Have you ever tried explaining blogging (or, God help me, twitter) to someone who just doesn't get it? I did it yesterday, and it was like trying to explain yellow to someone who is colorblind.
"What's the point of typing all that stuff out?" For some reason, the word "typing" really bothered me there. As if we're all those monkeys chained to machines, hoping to randomly hit on something worthwhile. I noticed myself getting really defensive, really quick. Why did I feel the need to update my twitter status every few hours? Why would anyone want to read the stuff I write here?
It was an interesting question, though. For me, the blogs give me a place to stretch out my ideas and sometimes have an audience for them.
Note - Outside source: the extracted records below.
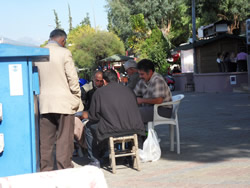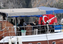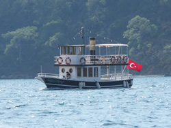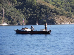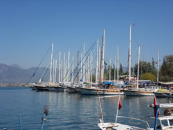 We await the sun warming up the air, burning the mist away then take our dinghy over to Fethiye to pick up some supplies, the usual, fruit, salad etc, etc. It is a very different town to that of our last trip, in the small harbour most of the trip boats and gullets are in, some being prepared for the winter, plenty of painting, sanding and varnishing going on.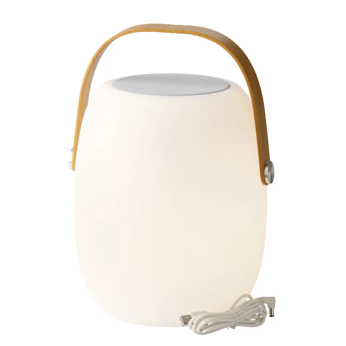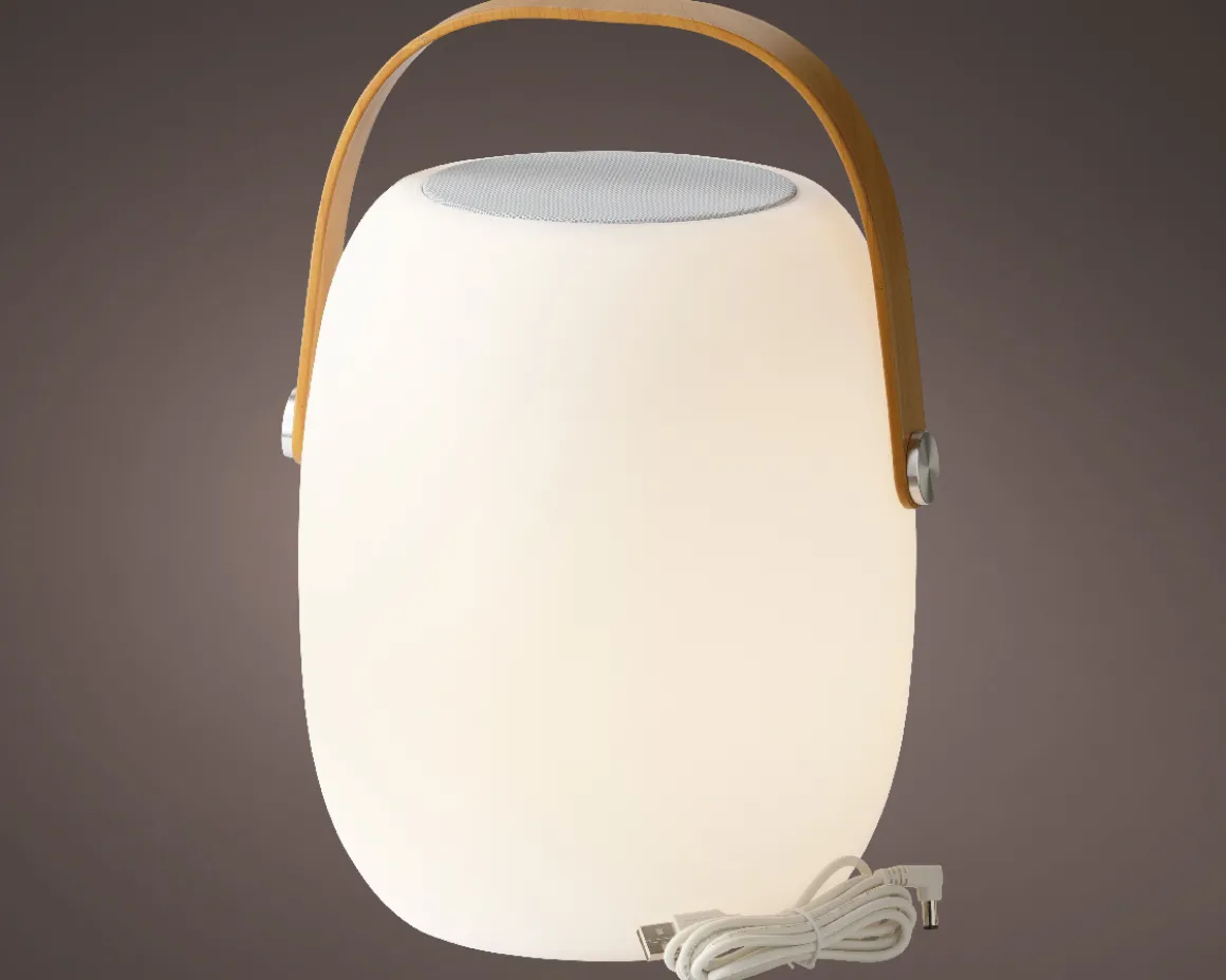 LED Tischleuchte mit Lautsprecher, Gartenlicht aufladbar, warmes weiß, outdoorgeeignet, 21x32cm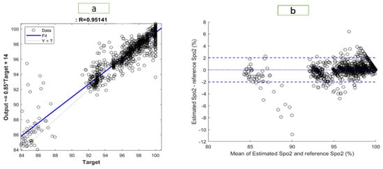 Visualization of the results for SpO2 with (a) a regression plot (b) a Bland–Altman plot.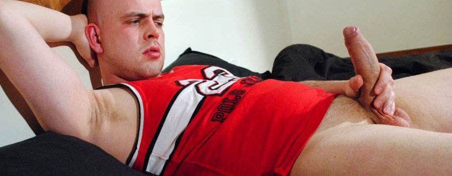 Jon Bull rubs plenty of spit around the head, getting it nice and juicy, and shows off his seriously fat meat in different positions, jerking off for us, laying on the bed, then standing up, till he works himself up to cumming, and shoots his creamy white spunk into the palm of his hand, rubbing the thick hot cum all over his still throbbing dick..

Have you ever noticed how hard it is to have a serious conversation with anyone lately? None of us have the attention span to listen to someone else long enough to find out what they're thinking about, or what their daydreams are, or why they are frustrated with their favorite politician. Sad but true, it seems like people (me included) can only tolerate about a minute of serious conversation before there is the desperate need to insert a joke to lighten things up.
I try not to be boring when I blog but if I am, people can just skip ahead to the next thing in their RSS reader or click on a link. It doesn't seem as deadly as being boring in conversation. I also have more time to wind through my thoughts and figure out what I really mean, why something really bothers me, why I'm really feeling so happy.
When I was a teenager, I kept a journal, and felt really seriously hurt and angry when my father confronted me about something in there. I had actually never considered that someone might read it. I thought that my right to privacy was so sacred that it couldn't be questioned, but he thought that he had the right to read my journal and my mail and anything else he wanted if he was concerned about me and wanted to find out what was up. I understand why he did it, now, but I still would like to think I wouldn't do that to my daughter, if I had one. I wouldn't have ever started journaling if I had realized that what I was doing was creating a public record of my most private thoughts. I have never wanted to keep a journal since then, because I don't want someone somewhere to read it and misunderstand.
This is different because I know there is an audience, and I write with the understanding that these thoughts will be read. I like it when someone takes the time to comment (unless it's someone selling diet pills) and it's interesting to see which posts get reactions and which ones don't.
I do find blogs and twitter useful -- it's interesting to see what people share and I feel very connected to the people whose tweets and posts I read, sometimes more than to friends and family in real life. I'm still not sure I can make my friend understand what this stuff is all about, but at least I know why I bother with it, even if he doesn't.